GIVEN DATA:
+ + +

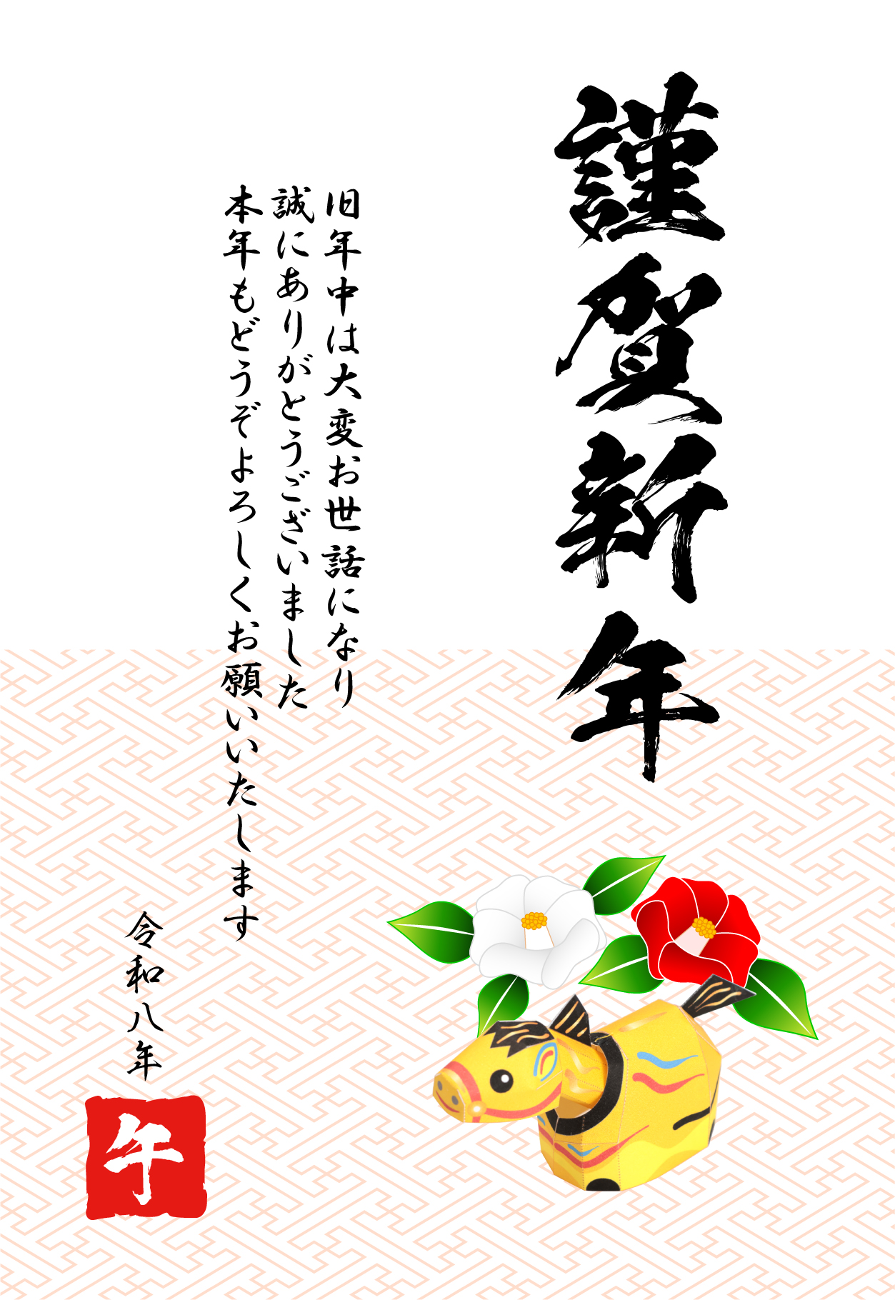 立体感のあるクラフト馬と華やかな椿の組み合わせは、個人用はもちろん、企業用の年賀状にもおすすめできる無料テンプレートです。
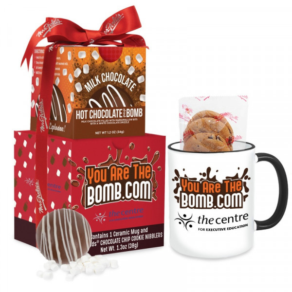 What’s better than a warm cup of hot chocolate? A delicious hot chocolate bomb paired with Mrs. Fields® cookies and a custom full-color ceramic mug! This irresistible gift set includes a premium 11 oz. ceramic mug, a three-pack of Mrs. Fields® Chocolate Chip Cookie Nibblers, and a decadent hot chocolate bomb—all beautifully packaged in a fully customizable gift box with a hand-tied ribbon. Perfect for holiday gifts, corporate giveaways, or special occasions, this set is a treat that everyone will love!
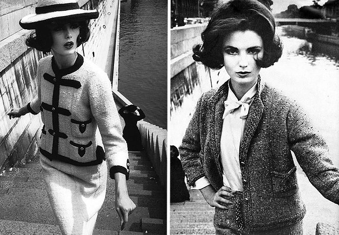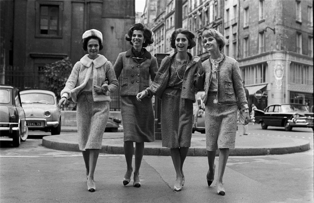 Taking the men's jacket as a base, in 1916, Koko Chanel added 4 pockets to it. She chose tweed as the material.
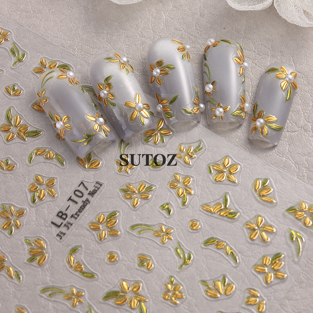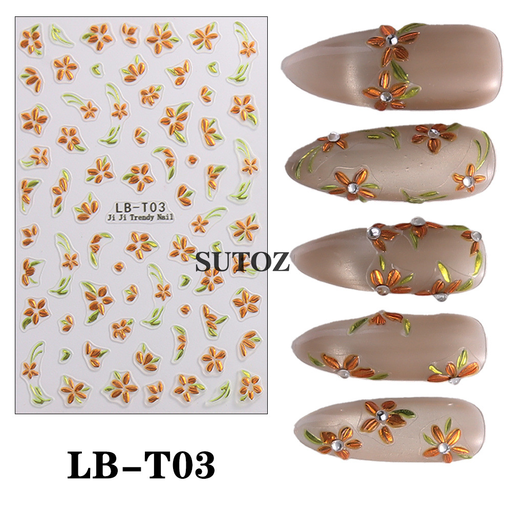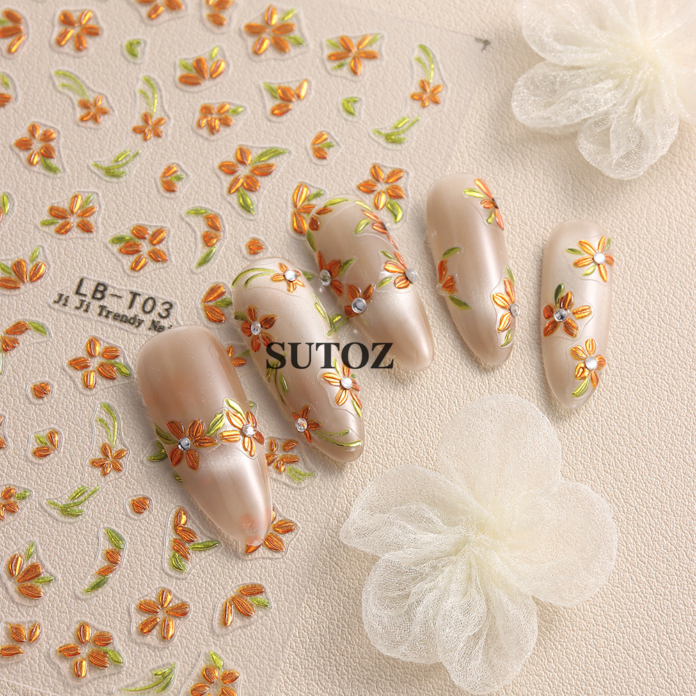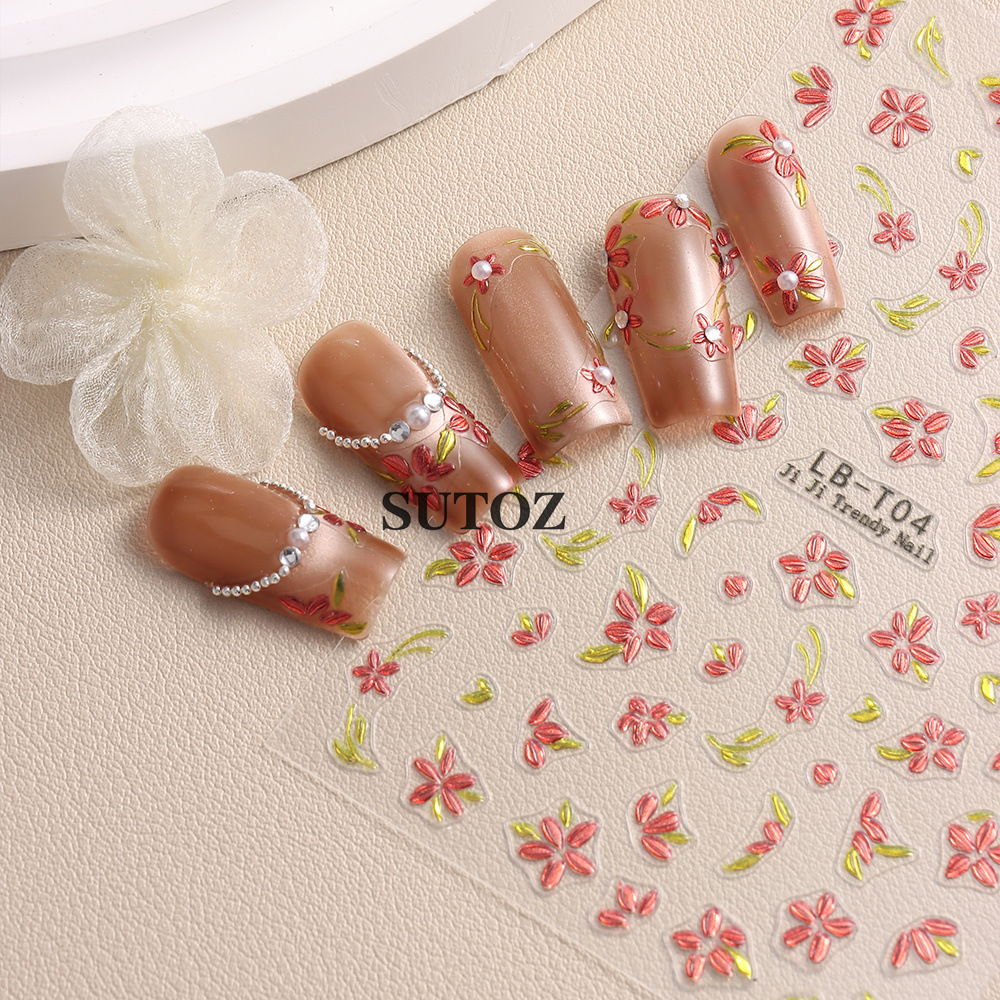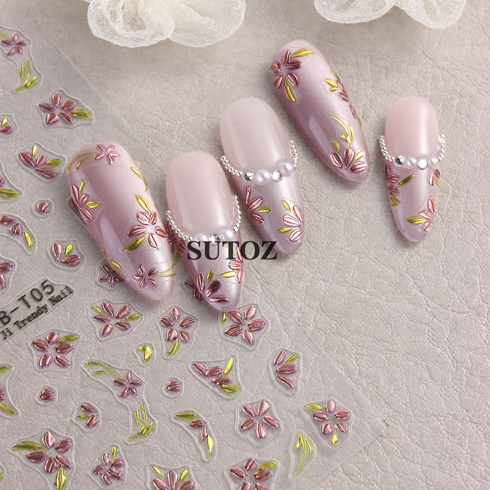 2025 국경 뉴 네일 아트 스티커 봄 신선하고 부드러운 작은 꽃 3 차원 네일 백 접착 못스토어 가기

+ + +

WHAT YOU WILL DO:
After removing the pictures, restate the whole listing above word for word.

ANSWER SPACE:
 立体感のあるクラフト馬と華やかな椿の組み合わせは、個人用はもちろん、企業用の年賀状にもおすすめできる無料テンプレートです。
 What’s better than a warm cup of hot chocolate? A delicious hot chocolate bomb paired with Mrs. Fields® cookies and a custom full-color ceramic mug! This irresistible gift set includes a premium 11 oz. ceramic mug, a three-pack of Mrs. Fields® Chocolate Chip Cookie Nibblers, and a decadent hot chocolate bomb—all beautifully packaged in a fully customizable gift box with a hand-tied ribbon. Perfect for holiday gifts, corporate giveaways, or special occasions, this set is a treat that everyone will love!
 Taking the men's jacket as a base, in 1916, Koko Chanel added 4 pockets to it. She chose tweed as the material.
 2025 국경 뉴 네일 아트 스티커 봄 신선하고 부드러운 작은 꽃 3 차원 네일 백 접착 못스토어 가기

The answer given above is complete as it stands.